Task goal: Skip the pictures. Quote every line below, exactly, from the one with "广东省湛江市2024- 2025 学年下学期高三普通高考二模测试英语+答案" through the final line.

Records from a data collection:
+++
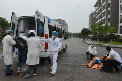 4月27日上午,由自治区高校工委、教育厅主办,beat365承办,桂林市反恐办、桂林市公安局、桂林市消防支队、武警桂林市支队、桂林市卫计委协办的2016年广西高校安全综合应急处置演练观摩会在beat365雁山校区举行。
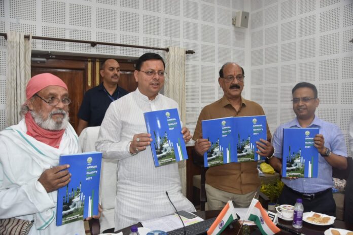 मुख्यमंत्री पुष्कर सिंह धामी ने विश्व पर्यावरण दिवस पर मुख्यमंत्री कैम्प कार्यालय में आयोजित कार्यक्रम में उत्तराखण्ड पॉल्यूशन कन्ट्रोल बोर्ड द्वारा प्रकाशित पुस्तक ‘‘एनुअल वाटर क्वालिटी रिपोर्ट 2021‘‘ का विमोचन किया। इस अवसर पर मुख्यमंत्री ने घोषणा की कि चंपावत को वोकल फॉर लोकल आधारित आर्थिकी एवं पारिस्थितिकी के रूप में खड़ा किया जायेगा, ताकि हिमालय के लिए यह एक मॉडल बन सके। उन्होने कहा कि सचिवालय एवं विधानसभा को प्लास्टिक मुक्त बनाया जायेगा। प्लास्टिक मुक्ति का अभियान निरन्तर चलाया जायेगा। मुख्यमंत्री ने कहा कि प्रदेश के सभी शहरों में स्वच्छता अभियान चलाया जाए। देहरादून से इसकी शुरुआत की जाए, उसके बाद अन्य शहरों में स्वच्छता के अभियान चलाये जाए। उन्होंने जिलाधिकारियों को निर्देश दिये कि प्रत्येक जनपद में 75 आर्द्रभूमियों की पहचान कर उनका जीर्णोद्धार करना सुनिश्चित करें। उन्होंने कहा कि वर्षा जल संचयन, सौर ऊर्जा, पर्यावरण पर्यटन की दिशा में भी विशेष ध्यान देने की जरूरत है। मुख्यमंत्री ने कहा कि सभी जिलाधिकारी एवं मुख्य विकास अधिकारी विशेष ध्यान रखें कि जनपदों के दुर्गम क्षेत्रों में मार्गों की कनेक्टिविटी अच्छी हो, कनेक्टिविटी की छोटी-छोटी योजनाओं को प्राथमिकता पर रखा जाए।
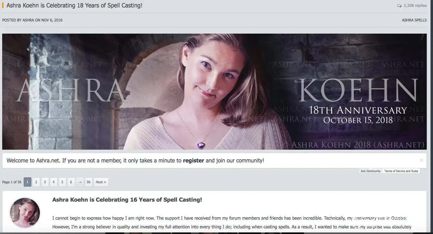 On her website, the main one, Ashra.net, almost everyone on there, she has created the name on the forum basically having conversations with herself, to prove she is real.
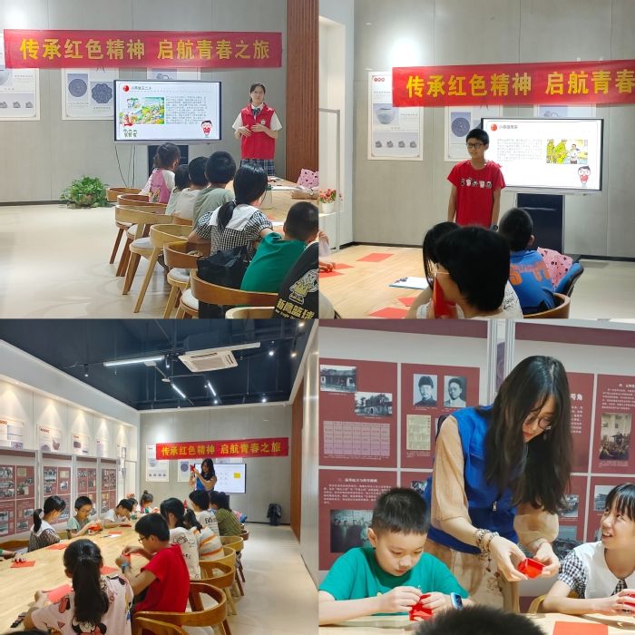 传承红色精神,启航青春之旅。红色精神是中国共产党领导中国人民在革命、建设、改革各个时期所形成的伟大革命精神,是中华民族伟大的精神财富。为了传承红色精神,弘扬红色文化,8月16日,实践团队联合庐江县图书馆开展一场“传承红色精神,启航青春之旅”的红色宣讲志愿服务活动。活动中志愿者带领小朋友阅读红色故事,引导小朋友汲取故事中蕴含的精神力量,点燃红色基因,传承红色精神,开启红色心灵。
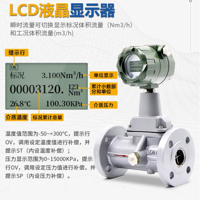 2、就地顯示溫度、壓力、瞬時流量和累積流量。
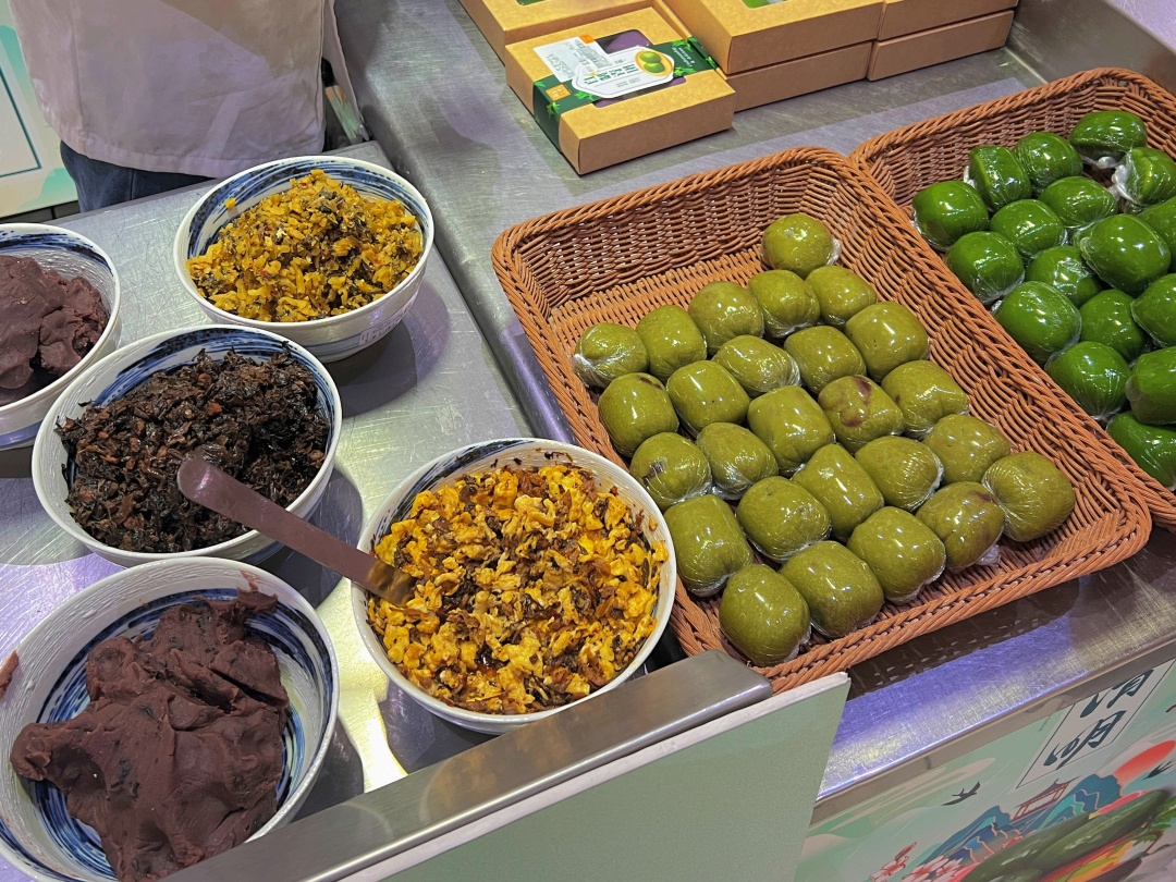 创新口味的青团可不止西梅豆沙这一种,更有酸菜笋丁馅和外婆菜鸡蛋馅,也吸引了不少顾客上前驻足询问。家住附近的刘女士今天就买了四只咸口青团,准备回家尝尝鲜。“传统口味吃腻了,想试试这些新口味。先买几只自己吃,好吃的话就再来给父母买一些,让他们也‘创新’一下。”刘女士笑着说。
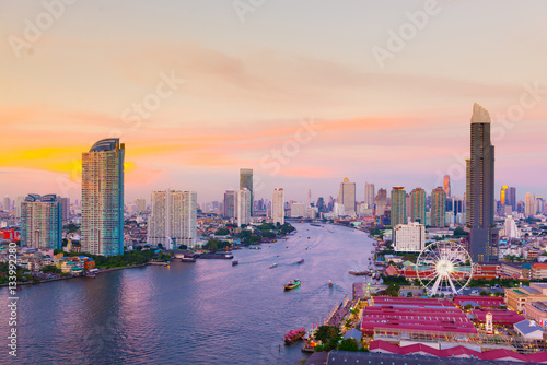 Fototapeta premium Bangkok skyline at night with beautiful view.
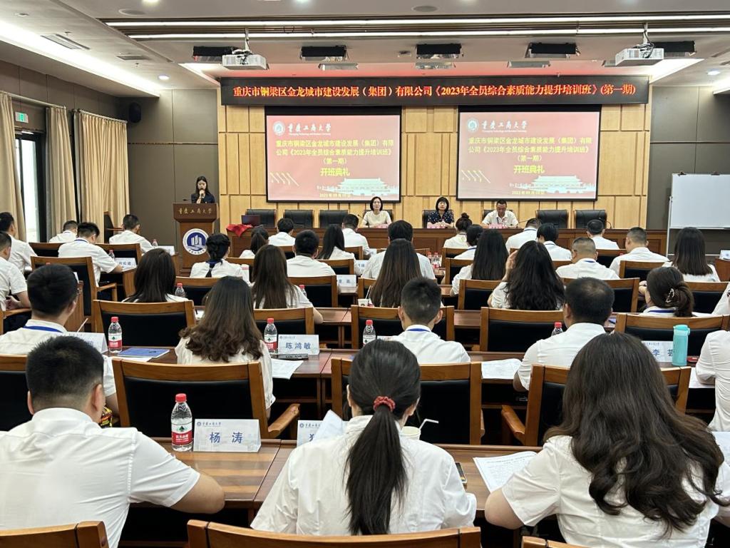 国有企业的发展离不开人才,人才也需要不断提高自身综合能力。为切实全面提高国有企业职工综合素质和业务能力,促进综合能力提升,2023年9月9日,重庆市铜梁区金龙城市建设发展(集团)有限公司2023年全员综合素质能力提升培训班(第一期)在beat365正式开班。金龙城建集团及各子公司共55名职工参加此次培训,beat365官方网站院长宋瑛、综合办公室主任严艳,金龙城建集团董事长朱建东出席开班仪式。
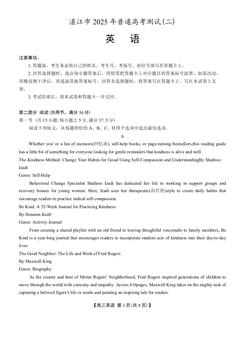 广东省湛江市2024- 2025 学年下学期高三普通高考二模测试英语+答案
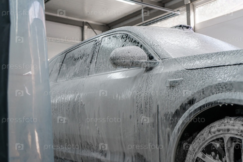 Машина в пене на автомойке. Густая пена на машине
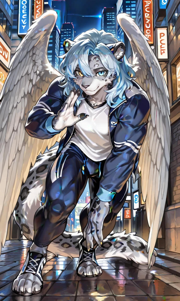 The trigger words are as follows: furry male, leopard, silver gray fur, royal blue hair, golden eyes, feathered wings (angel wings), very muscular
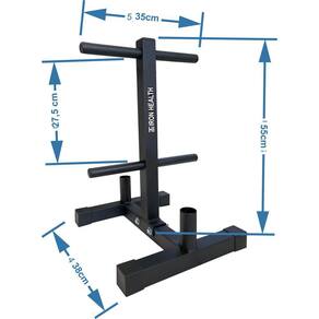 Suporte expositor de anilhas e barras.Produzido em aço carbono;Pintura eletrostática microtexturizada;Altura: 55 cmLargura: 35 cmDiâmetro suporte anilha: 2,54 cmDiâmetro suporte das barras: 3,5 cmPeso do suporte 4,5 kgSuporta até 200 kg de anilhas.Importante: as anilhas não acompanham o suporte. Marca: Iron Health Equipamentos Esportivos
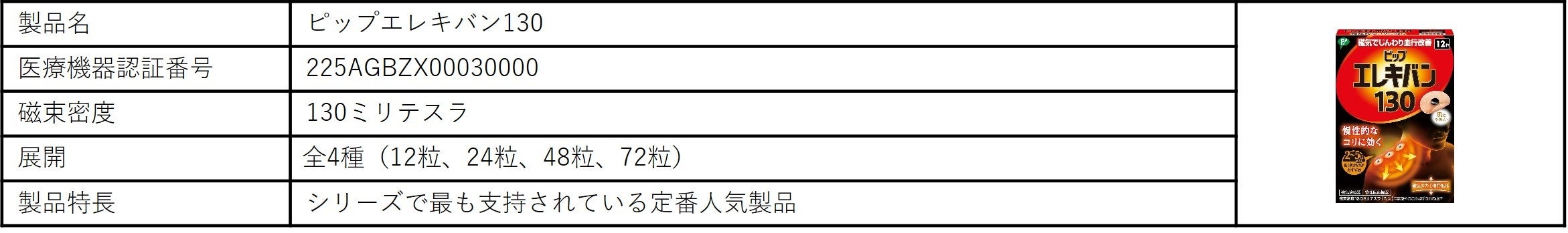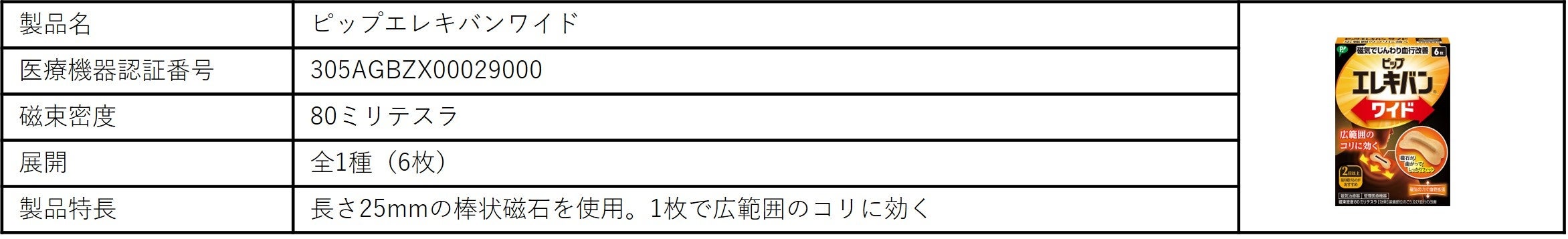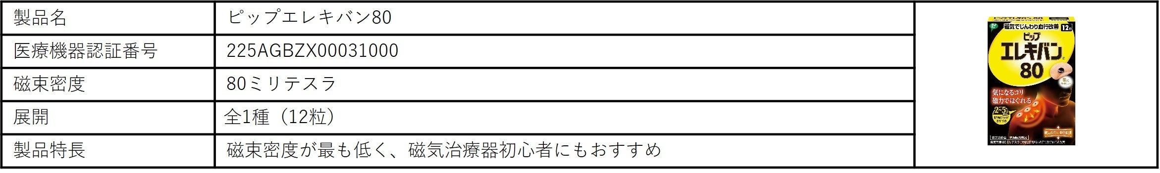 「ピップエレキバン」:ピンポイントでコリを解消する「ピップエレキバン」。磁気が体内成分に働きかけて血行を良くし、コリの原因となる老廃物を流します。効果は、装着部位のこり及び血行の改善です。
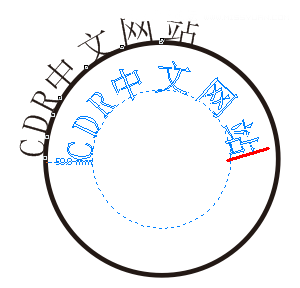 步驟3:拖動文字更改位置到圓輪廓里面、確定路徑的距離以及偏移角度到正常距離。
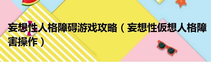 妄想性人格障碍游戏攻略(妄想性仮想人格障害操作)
+++
Written response:
 广东省湛江市2024- 2025 学年下学期高三普通高考二模测试英语+答案
 Машина в пене на автомойке. Густая пена на машине
 The trigger words are as follows: furry male, leopard, silver gray fur, royal blue hair, golden eyes, feathered wings (angel wings), very muscular
 Suporte expositor de anilhas e barras.Produzido em aço carbono;Pintura eletrostática microtexturizada;Altura: 55 cmLargura: 35 cmDiâmetro suporte anilha: 2,54 cmDiâmetro suporte das barras: 3,5 cmPeso do suporte 4,5 kgSuporta até 200 kg de anilhas.Importante: as anilhas não acompanham o suporte. Marca: Iron Health Equipamentos Esportivos
 「ピップエレキバン」:ピンポイントでコリを解消する「ピップエレキバン」。磁気が体内成分に働きかけて血行を良くし、コリの原因となる老廃物を流します。効果は、装着部位のこり及び血行の改善です。
 步驟3:拖動文字更改位置到圓輪廓里面、確定路徑的距離以及偏移角度到正常距離。
 妄想性人格障碍游戏攻略(妄想性仮想人格障害操作)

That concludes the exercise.